All operators of the SUEM 118 Operations Center in Venice (Italy) were invited to participate in the research and the majority accepted. A convenient sample of 21 emergency nurses (8 females, Mean age = 46.43 years, SD = 8.59 years, range = 23–62) employed in the same operations center in Venice took part in the study. Two reference experts also took part in the study. They were experienced emergency nurses and the reference for the correct application of the protocol in the operations center. The choice to involve two different independent reference experts is due to reliability and accuracy issues. Their independent judgments showed a Spearman ρ correlation of 0.87 (p < 0.001), suggesting a strong coherence between their respective opinions (data available in supplementary materials). The two independent judgments (ranging each between 0 and 10) were averaged, so to have a single reference judgment for each scenario. When a non-integer value was obtained, it was arbitrarily rounded to the nearest larger integer to simulate the behavior of an expert responding on a Likert scale using integer values. We assume that these averaged judgments are more reliable than the judgment from a single reference expert.

2.2 Stimuli and apparatus

The recordings of 25 emergency calls (Mean duration = 95.8 s, SD = 35.9 s, Range = 50–173 s) were selected by one of the authors (LB) from the archive of the operations center. Each recording contained the full dialogues between the caller and the operator, although, for privacy reasons, they were deprived of the personal data of the callers and patients, replaced with a silent interval (e.g., surname and address). The recordings included a variety of emergency scenarios, from road accidents to possible strokes, from suicide attempts to respiratory crises, just to make a few examples. In some cases, the assignment of the priority codes was made particularly difficult by reduced collaboration from the caller (e.g., due to emotional involvement, unfamiliarity with the situation) and/or by difficult environmental conditions (e.g., loud background noise). The urgency of the medical intervention could range from definitely not urgent to definitely urgent.

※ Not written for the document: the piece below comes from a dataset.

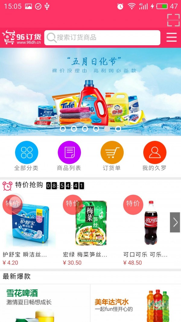 96订货包含食品批发,副食品批发,饮料批发,日化用品批发,酒水批发,冲饮批发,牛奶饮品批发,营养保健品批发,家居用品批发等服务。96订货,一站配齐,做翘脚老板

The experimental task was administered through a PC station in the operations center, equipped with a monitor, a pair of headphones, a keyboard, and a mouse device. Participants were tested individually before starting a work shift or at the end of it. Before starting the experimental task, they were asked to switch off any mobile device, sit in a comfortable position, and wear headphones. The experiment was programmed and presented using PsychoPy (Peirce et al., 2019), an open-source software designed for creating and running experiments in psychology, neuroscience, and related fields.

2.3 Procedure

The experimental procedures used for testing the reference experts were slightly different from those used for testing the other emergency nurses. Each reference expert was presented with the whole sample of 25 recordings. The two reference experts were tested in different days and care was taken that they could not talk to each other about the task, so to maximize the independence of their judgments. Instructions readable on the screen informed the reference expert that the task was to evaluate the priority of each of the emergency scenario on a scale from 0 (“definitely not a yellow code”) to 10 (“definitely at least a yellow code”). They were also informed that ratings greater than 5 would correspond to assigning at least a yellow code. A randomly selected recording was presented on each experimental trial, and a uniform gray screen appeared while the recording was playing. Immediately after the end of the recording, a Likert scale with the integer numbers from 0 to 10 appeared on the screen, and the reference expert had to select the appropriate number with a mouse click. Then, instructions invited the reference expert to press the spacebar when he was ready to listen the next recording.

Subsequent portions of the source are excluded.